Thomas was George H.W. Bush's lone appointment to the Supreme Court, and Bush was determined to lock in a conservative vote with his one at-bat. Clinton had two nominees, Ginsburg and Stephen Breyer, both of whom encountered only minimal opposition in their confirmations, partly because a Democratic-controlled Senate was confirming a Democratic president's nominee, and partly because they were such resoundingly solid choices. Ginsburg had just three votes cast against her.
And that was the last time a Supreme Court nominee encountered so little opposition. Breyer had nine votes against the following year, and every nomination since then has seen 20 or more.
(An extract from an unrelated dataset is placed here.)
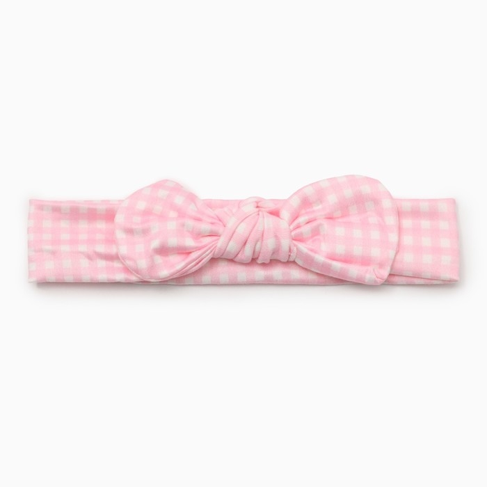 Повязка на голову Крошка Я "Бантик клетка" цв. розовый. р-р 46-48

There's no reason to expect otherwise in the nominations to come, at least for the foreseeable future.
In the 1980s and 1990s, I worked for an organization that was deeply involved in the Bork, Kennedy, Thomas, Ginsburg, and Breyer nominations. As painful, even divisive, as the fights over nominations are today, the stakes are too high to return to the days when the "deference" shown to presidents when it came to Supreme Court nominees was an effective rubber stamp, no matter the impact on health, safety, the environment, civil rights and liberties, election integrity, and more. In that sense, Justice Ginsburg's confirmation, just like her passing, marked the end of an era.